▶ [What this task involves]
Omit the pictures and retype only the lines from the one containing "남성용 여름 얇은 5부" through the end of the listing, both ends included.

▶ [Recorded information]
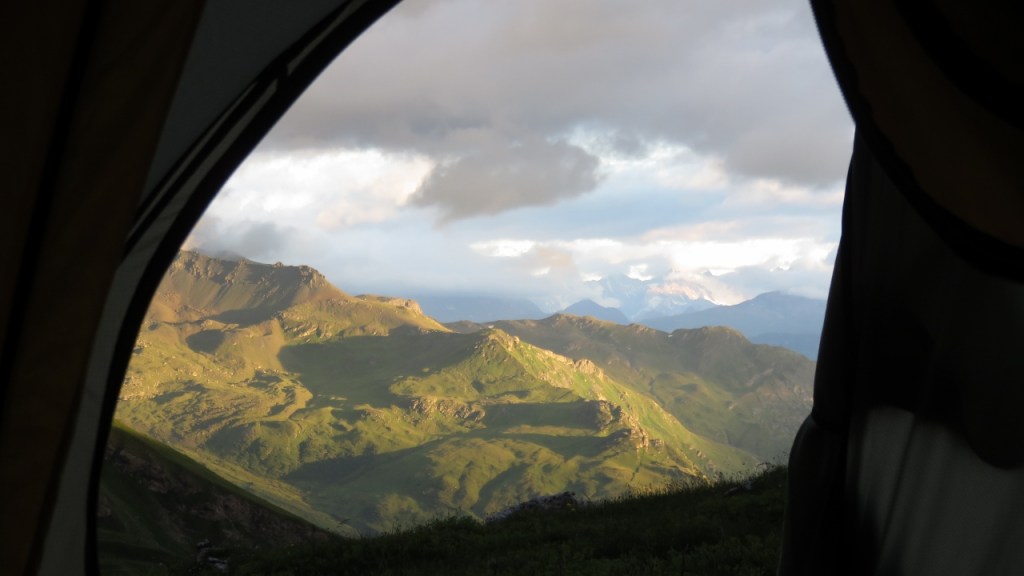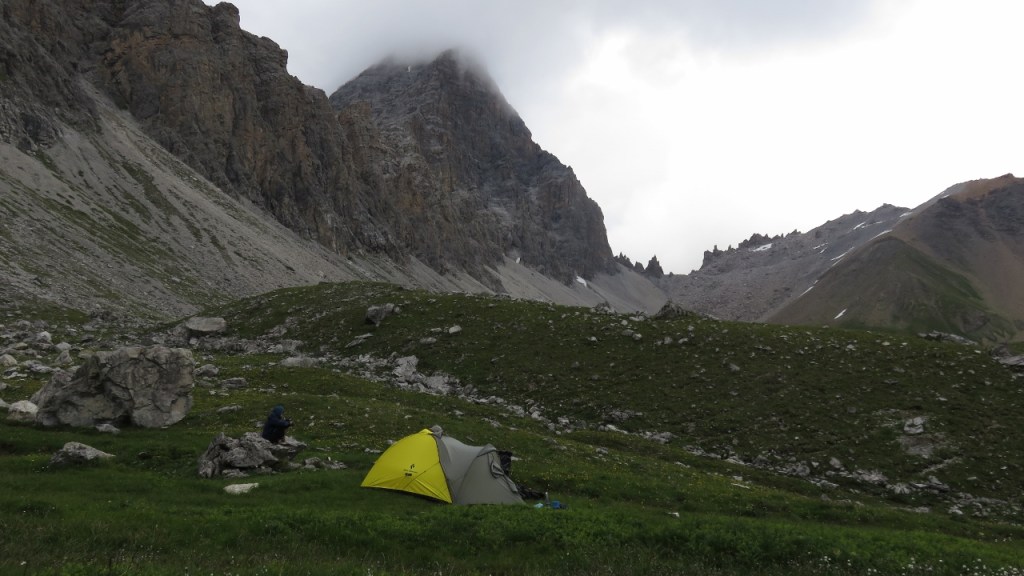 Etwas westlich von P.2454 (und selbstverständlich ausserhalb des Jagdbanngebietes!) schlugen wir uns Zelt auf und genossen den Abend in der stillen Bergwelt. Allerdings musste ich zu meinem Verdruss verstellen, das meine Luftmatratze ein Loch hatte (wohl von den scharfkantigen Bröseln am Weingartensee) und ich daher keine allzu angenehme Nacht verbringen musste…
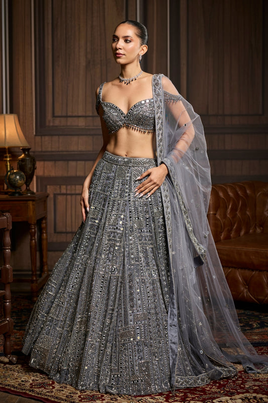 Gunmetal Embellished Mirrorwork Lehenga Set
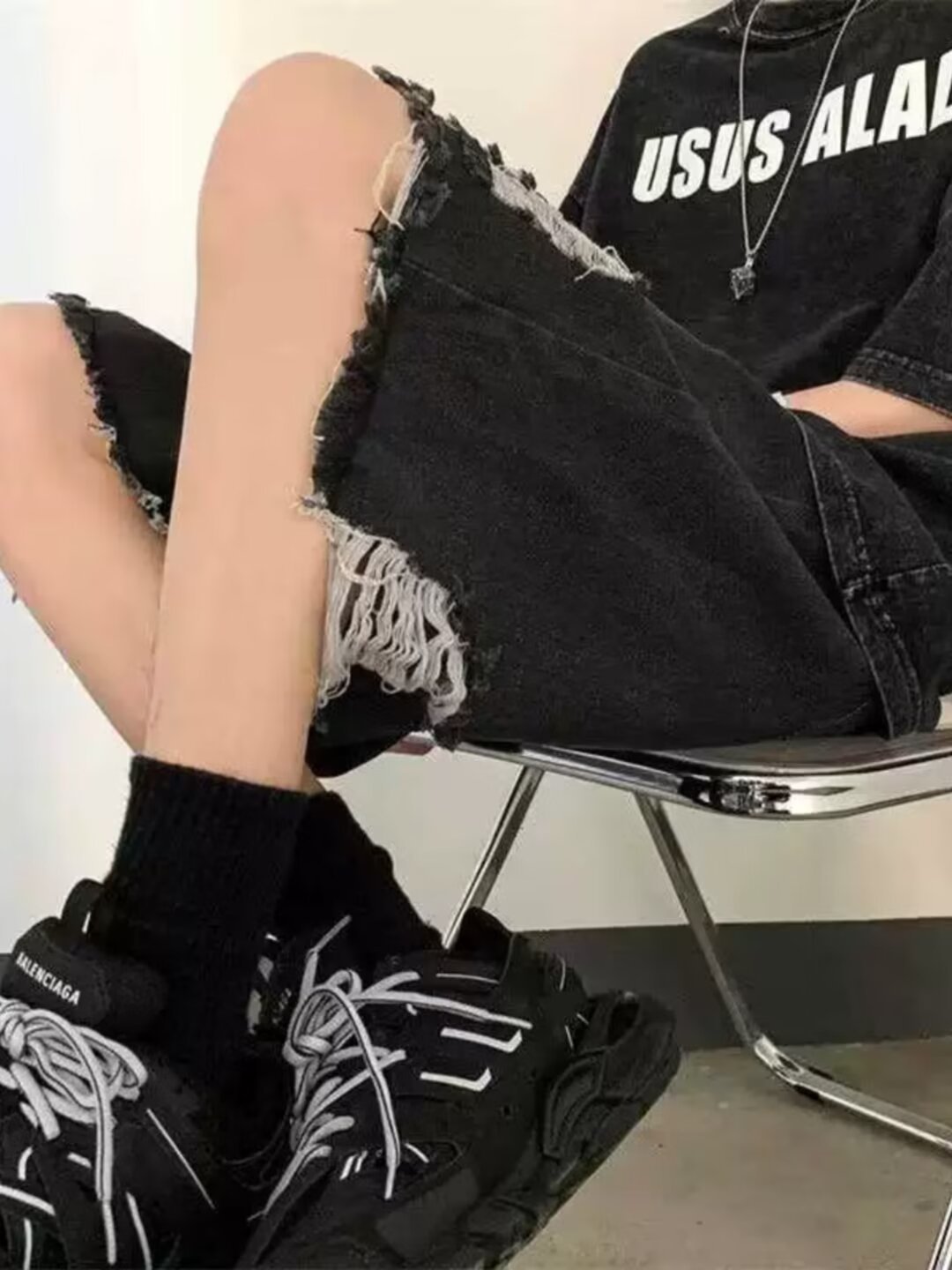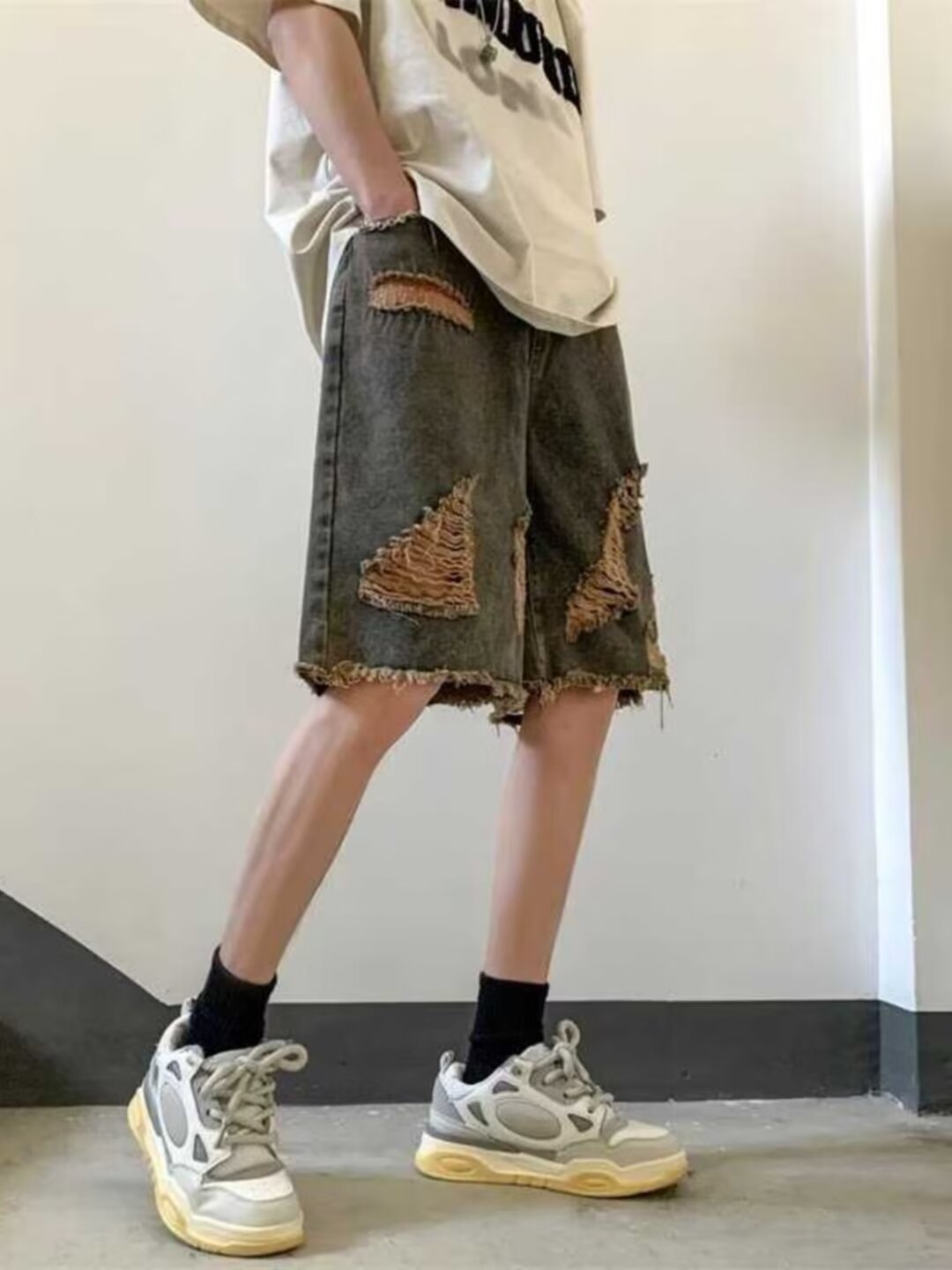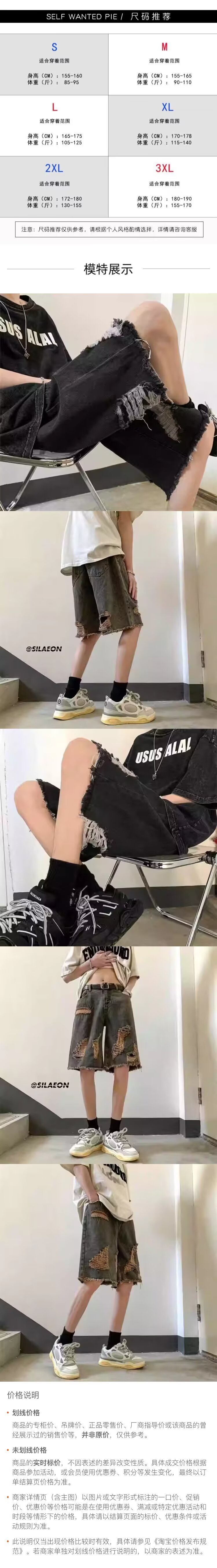 남성용 여름 얇은 5부 데님 반바지 한국 스타일 트렌디 찢어진 슬림 캐주얼 트렌디 브랜드 바지 남성용 5부 바지스토어 가기
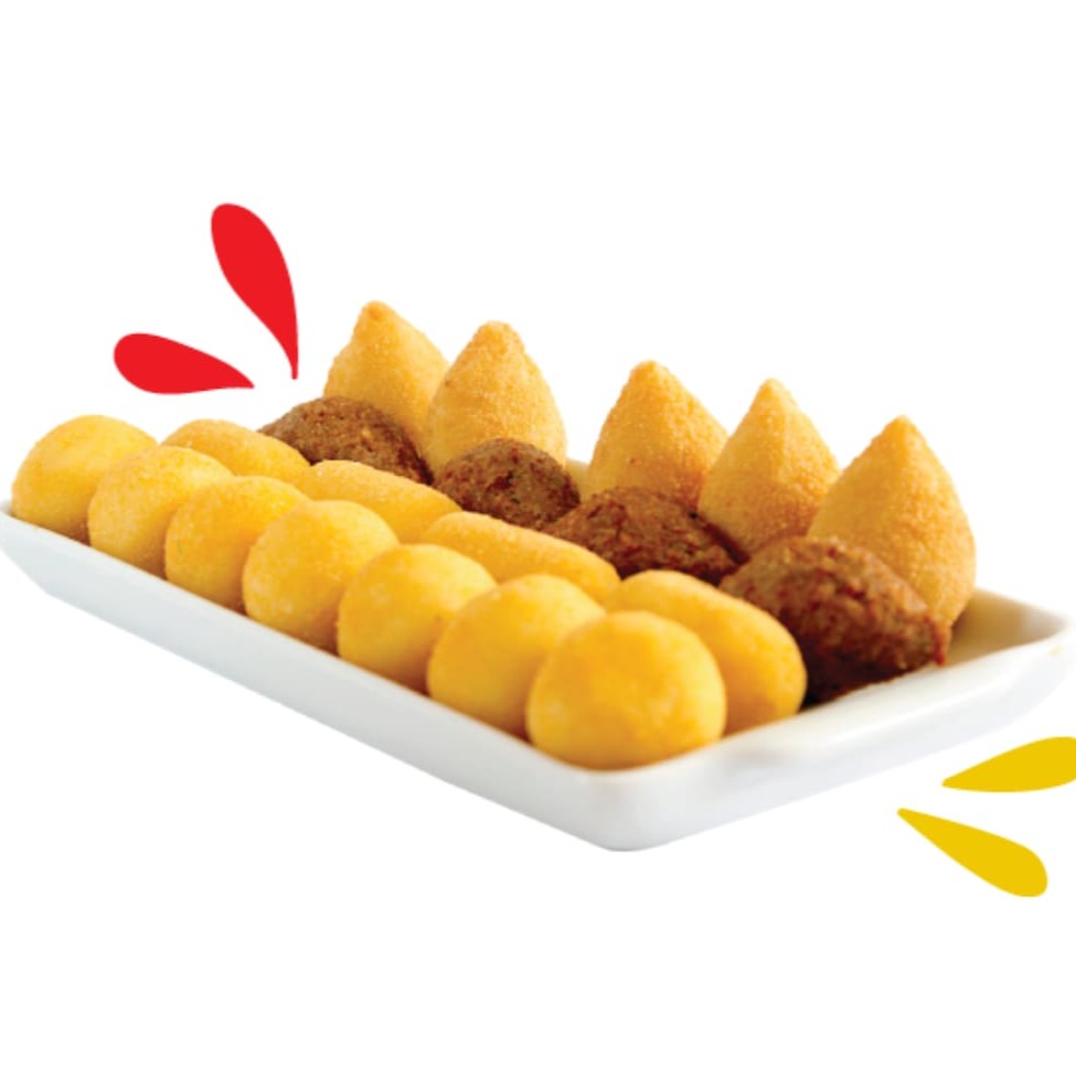 40 Mini Salgados + 10 Brigadeiro + 1 Refrigerante 2lt

▶ [Solution]
 남성용 여름 얇은 5부 데님 반바지 한국 스타일 트렌디 찢어진 슬림 캐주얼 트렌디 브랜드 바지 남성용 5부 바지스토어 가기
 40 Mini Salgados + 10 Brigadeiro + 1 Refrigerante 2lt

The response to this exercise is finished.